Question

The radius of the base of a cone is increasing at the rate of 3 cm/minute and the altitude is decreasing at the rate of 4 cm minute. The rate of change of lateral surface when the radius = 7 cm and altitude = 24 cm, is

• A. $54\pi \text{ cm}^2/\text{min}$
• B. $7\pi \text{ cm}^2/\text{min}$
• C. $27\pi \text{ cm}^2/\text{min}$
• D. None of these

Hint:

For related rates problems involving roots, it is often less prone to error if you define the intermediate variable (like slant height $l$) and evaluate its value first before plugging it into the differentiated formula.

Answer 1

The Correct Option is A

Step 1: Understanding the Question:
We are dealing with related rates.

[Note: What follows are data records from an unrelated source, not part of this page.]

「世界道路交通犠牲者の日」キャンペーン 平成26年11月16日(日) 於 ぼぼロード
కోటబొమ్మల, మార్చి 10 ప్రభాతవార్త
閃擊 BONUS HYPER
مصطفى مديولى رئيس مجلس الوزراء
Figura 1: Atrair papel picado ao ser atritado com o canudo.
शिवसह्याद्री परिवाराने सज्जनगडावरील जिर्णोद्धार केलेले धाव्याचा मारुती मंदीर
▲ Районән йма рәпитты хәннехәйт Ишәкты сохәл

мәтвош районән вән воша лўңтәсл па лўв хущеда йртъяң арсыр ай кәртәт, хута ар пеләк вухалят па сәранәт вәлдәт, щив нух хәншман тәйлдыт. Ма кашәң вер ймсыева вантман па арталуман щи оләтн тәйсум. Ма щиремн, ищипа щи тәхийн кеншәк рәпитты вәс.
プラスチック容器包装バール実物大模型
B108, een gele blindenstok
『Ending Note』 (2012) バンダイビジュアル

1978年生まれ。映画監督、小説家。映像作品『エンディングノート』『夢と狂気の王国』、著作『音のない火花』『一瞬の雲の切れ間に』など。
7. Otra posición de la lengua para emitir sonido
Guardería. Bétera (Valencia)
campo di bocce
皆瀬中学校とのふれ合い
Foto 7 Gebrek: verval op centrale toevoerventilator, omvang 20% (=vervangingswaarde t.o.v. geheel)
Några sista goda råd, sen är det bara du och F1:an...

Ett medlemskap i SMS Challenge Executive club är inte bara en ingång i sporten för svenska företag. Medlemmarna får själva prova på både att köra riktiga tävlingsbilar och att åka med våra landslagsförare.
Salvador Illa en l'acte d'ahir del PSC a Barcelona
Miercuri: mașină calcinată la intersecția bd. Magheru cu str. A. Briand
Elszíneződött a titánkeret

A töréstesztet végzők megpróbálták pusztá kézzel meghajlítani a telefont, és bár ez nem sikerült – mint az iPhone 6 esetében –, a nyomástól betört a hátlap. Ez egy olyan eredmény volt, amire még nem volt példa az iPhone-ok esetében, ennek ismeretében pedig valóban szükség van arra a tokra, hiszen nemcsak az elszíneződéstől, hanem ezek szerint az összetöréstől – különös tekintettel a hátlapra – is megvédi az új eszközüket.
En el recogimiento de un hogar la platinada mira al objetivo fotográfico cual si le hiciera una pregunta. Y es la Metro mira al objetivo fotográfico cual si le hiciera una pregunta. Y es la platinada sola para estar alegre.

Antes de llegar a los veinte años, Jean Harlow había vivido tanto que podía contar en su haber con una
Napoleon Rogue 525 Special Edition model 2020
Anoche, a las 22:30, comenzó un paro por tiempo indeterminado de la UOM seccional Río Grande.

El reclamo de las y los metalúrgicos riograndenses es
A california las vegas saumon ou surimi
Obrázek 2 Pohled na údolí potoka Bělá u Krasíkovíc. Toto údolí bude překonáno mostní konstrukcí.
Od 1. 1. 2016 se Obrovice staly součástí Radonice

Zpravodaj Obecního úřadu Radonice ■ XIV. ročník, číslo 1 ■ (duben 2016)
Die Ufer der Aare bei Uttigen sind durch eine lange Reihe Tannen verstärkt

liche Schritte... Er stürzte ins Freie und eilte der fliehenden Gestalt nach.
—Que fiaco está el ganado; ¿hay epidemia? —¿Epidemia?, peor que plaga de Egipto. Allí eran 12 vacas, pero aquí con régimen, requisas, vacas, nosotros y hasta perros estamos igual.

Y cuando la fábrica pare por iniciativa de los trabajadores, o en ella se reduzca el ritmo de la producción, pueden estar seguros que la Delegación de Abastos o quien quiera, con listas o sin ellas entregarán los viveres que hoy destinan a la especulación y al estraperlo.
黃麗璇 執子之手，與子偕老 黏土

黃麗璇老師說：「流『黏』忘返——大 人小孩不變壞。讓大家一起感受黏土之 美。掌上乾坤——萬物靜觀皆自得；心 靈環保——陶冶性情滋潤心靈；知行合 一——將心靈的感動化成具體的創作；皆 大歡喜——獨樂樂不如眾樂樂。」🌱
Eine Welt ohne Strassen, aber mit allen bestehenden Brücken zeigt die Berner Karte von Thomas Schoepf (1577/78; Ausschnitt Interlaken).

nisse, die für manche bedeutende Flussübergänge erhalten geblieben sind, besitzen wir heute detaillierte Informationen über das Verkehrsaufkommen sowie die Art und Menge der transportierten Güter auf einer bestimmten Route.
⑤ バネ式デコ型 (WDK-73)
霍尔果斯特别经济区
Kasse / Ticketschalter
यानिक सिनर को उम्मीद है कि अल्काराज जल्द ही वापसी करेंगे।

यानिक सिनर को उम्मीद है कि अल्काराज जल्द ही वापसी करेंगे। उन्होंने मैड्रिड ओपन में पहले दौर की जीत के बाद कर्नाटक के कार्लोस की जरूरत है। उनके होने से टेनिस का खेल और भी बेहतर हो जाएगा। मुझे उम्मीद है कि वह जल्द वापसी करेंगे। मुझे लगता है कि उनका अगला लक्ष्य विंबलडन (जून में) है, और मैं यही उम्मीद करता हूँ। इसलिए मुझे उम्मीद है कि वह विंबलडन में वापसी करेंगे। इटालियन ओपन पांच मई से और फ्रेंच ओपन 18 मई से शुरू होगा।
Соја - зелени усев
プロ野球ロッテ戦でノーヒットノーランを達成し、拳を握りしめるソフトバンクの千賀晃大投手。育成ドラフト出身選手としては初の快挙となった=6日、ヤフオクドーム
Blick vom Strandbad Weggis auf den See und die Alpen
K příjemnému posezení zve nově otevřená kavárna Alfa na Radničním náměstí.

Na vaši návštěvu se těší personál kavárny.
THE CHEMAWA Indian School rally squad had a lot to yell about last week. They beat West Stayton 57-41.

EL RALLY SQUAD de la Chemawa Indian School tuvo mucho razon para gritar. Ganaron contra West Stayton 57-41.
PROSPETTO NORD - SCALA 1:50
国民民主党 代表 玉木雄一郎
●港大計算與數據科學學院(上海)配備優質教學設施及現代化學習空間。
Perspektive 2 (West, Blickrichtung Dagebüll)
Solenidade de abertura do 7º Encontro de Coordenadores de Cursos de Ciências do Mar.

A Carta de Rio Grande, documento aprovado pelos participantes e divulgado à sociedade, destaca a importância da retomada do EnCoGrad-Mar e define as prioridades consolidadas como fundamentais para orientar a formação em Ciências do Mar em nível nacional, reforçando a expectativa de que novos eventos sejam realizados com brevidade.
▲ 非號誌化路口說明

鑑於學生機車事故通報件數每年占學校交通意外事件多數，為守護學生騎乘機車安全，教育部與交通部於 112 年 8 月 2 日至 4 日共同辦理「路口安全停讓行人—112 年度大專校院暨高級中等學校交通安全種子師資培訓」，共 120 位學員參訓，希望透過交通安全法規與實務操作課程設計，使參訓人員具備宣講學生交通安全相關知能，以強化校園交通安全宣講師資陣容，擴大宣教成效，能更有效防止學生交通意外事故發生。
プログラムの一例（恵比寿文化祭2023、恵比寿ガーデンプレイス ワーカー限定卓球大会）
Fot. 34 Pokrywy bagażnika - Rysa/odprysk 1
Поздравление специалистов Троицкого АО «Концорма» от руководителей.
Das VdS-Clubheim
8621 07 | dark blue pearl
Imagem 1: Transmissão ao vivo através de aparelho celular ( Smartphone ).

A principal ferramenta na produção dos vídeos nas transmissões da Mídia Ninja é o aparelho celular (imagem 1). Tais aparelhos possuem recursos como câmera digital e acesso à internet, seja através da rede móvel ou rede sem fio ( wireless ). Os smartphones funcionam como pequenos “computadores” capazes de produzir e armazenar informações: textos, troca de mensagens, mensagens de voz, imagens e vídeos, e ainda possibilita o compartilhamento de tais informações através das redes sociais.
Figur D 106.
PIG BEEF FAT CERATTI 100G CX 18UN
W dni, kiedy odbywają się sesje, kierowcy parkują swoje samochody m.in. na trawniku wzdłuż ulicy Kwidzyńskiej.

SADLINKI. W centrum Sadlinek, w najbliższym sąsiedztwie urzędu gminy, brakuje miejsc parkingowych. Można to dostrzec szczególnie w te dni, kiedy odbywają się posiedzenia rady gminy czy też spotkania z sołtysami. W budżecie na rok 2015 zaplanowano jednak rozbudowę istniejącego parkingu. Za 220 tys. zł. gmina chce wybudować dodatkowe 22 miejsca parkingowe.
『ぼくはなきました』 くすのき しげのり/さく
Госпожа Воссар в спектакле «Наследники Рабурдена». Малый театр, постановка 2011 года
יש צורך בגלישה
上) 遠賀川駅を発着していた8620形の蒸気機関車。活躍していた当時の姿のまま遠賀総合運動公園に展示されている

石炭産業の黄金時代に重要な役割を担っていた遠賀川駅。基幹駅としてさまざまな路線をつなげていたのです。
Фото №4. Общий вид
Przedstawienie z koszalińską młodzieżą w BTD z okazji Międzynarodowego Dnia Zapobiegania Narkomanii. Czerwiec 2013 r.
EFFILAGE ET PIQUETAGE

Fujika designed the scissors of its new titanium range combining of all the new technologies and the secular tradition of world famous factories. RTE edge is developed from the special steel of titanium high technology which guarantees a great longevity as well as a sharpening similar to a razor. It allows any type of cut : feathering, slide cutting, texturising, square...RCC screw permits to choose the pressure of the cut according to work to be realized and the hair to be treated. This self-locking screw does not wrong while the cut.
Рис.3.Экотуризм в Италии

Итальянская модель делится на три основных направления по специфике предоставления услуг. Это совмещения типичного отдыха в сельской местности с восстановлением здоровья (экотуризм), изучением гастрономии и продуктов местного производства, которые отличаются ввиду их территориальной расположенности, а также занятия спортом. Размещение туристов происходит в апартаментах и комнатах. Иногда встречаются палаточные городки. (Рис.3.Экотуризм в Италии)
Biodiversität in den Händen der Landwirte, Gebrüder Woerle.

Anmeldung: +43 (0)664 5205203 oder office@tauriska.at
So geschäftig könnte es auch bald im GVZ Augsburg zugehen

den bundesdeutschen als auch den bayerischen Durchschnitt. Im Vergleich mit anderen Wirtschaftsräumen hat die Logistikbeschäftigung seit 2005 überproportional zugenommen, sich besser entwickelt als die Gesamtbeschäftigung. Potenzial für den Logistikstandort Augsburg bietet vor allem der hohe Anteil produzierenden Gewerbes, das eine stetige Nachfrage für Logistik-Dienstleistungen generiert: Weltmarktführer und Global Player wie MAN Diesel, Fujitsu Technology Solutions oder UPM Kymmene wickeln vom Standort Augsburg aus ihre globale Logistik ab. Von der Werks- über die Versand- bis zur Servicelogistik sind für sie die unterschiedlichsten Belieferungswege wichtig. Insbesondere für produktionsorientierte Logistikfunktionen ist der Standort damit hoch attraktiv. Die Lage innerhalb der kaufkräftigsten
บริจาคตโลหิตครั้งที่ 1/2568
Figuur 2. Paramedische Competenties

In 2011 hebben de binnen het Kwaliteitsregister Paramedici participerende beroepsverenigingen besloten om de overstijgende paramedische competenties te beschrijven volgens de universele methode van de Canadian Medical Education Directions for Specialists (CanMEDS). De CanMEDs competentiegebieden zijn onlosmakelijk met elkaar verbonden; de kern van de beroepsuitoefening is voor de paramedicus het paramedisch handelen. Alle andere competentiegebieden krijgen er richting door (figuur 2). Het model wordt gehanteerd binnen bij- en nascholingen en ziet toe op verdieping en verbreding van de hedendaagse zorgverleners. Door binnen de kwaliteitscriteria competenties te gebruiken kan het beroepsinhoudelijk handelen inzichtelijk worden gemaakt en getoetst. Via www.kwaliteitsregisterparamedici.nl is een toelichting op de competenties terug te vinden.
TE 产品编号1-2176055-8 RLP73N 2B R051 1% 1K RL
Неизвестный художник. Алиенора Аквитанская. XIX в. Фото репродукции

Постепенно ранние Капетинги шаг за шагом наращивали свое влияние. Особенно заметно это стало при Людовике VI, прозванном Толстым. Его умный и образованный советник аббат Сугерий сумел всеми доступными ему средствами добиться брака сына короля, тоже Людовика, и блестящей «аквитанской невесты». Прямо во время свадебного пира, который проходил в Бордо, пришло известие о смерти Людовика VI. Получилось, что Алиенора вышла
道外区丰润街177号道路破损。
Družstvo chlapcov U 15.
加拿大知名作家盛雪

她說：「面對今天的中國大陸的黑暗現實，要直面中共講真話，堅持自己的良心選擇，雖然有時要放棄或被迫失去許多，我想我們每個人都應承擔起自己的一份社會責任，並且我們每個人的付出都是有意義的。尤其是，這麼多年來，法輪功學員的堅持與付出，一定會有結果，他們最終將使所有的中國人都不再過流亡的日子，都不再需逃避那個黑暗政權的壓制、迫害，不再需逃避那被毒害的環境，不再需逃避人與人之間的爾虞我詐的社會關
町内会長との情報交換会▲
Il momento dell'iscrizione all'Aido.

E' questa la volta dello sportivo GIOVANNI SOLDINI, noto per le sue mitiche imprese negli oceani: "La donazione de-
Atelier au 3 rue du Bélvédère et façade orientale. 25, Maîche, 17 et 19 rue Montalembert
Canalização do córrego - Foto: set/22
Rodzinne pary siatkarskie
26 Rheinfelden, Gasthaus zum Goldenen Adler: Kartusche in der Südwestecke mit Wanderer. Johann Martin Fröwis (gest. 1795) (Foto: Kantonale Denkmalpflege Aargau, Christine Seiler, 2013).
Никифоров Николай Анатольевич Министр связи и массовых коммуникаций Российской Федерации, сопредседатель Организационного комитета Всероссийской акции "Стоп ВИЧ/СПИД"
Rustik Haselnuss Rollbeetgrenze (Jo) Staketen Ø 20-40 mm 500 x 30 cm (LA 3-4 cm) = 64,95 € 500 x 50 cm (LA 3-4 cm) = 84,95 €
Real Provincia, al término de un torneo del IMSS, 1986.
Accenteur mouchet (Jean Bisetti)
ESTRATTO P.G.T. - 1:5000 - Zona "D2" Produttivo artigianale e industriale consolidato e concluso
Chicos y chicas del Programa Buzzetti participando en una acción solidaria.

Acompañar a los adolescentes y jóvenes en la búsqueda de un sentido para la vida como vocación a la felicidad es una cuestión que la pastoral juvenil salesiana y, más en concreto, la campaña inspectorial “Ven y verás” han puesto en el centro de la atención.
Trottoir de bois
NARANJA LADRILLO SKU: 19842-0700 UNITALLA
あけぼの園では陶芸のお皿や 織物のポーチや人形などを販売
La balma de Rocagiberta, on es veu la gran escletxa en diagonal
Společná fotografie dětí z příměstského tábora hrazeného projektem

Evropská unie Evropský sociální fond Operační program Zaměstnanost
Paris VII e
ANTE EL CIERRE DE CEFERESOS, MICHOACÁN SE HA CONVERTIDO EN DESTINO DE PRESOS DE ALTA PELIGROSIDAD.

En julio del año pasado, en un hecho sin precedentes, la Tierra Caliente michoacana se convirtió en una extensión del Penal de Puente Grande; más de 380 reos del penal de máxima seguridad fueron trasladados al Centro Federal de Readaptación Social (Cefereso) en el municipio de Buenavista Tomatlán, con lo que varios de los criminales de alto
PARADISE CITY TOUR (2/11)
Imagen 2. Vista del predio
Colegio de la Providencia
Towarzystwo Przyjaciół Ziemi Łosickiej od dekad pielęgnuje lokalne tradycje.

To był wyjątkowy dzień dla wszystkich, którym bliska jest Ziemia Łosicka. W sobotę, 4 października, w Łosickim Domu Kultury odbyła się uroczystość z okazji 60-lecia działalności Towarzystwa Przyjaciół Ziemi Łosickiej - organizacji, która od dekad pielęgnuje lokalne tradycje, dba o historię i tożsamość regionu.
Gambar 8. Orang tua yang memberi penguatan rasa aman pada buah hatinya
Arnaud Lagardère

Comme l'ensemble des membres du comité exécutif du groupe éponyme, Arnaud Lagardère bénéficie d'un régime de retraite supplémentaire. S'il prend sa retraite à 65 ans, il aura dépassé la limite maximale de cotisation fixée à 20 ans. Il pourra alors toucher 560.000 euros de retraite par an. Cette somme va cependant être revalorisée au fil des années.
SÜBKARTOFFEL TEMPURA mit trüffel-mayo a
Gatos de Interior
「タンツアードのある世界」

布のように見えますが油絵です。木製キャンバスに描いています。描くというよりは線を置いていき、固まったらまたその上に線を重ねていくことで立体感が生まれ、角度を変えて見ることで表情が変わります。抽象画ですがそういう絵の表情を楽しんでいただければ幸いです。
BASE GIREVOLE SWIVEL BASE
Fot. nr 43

We need to find the rate of change of the lateral surface area of a cone given the rates of change of its radius and altitude.
Step 2: Key Formula or Approach:
The lateral surface area $S$ of a right circular cone is given by: \[ S = \pi r l = \pi r \sqrt{r^2 + h^2} \] We need to differentiate this equation with respect to time $t$ to find $\frac{dS}{dt}$.
Step 3: Detailed Explanation:
Given values:
$\frac{dr}{dt} = 3 \text{ cm/min}$ (increasing)
$\frac{dh}{dt} = -4 \text{ cm/min}$ (decreasing)
At the given instant: $r = 7 \text{ cm}$ and $h = 24 \text{ cm}$.
First, let's find the slant height $l$ at this instant: \[ l = \sqrt{r^2 + h^2} = \sqrt{7^2 + 24^2} = \sqrt{49 + 576} = \sqrt{625} = 25 \text{ cm} \] Now, differentiate $S = \pi r \sqrt{r^2 + h^2}$ with respect to $t$ using the product and chain rules: \[ \frac{dS}{dt} = \pi \left[ \frac{dr}{dt} \cdot \sqrt{r^2 + h^2} + r \cdot \frac{d}{dt}\left(\sqrt{r^2 + h^2}\right) \right] \] \[ \frac{dS}{dt} = \pi \left[ \frac{dr}{dt} \cdot l + r \cdot \left( \frac{1}{2\sqrt{r^2 + h^2}} \cdot \left(2r\frac{dr}{dt} + 2h\frac{dh}{dt}\right) \right) \right] \] \[ \frac{dS}{dt} = \pi \left[ l \cdot \frac{dr}{dt} + \frac{r}{l} \left( r\frac{dr}{dt} + h\frac{dh}{dt} \right) \right] \] Substitute the known values into the derivative: \[ \frac{dS}{dt} = \pi \left[ 25(3) + \frac{7}{25} \left( 7(3) + 24(-4) \right) \right] \] \[ \frac{dS}{dt} = \pi \left[ 75 + \frac{7}{25} \left( 21 - 96 \right) \right] \] \[ \frac{dS}{dt} = \pi \left[ 75 + \frac{7}{25} (-75) \right] \] \[ \frac{dS}{dt} = \pi [ 75 + 7(-3) ] \] \[ \frac{dS}{dt} = \pi [ 75 - 21 ] = 54\pi \text{ cm}^2/\text{min} \] Step 4: Final Answer:
The rate of change of the lateral surface area is $54\pi \text{ cm}^2/\text{min}$.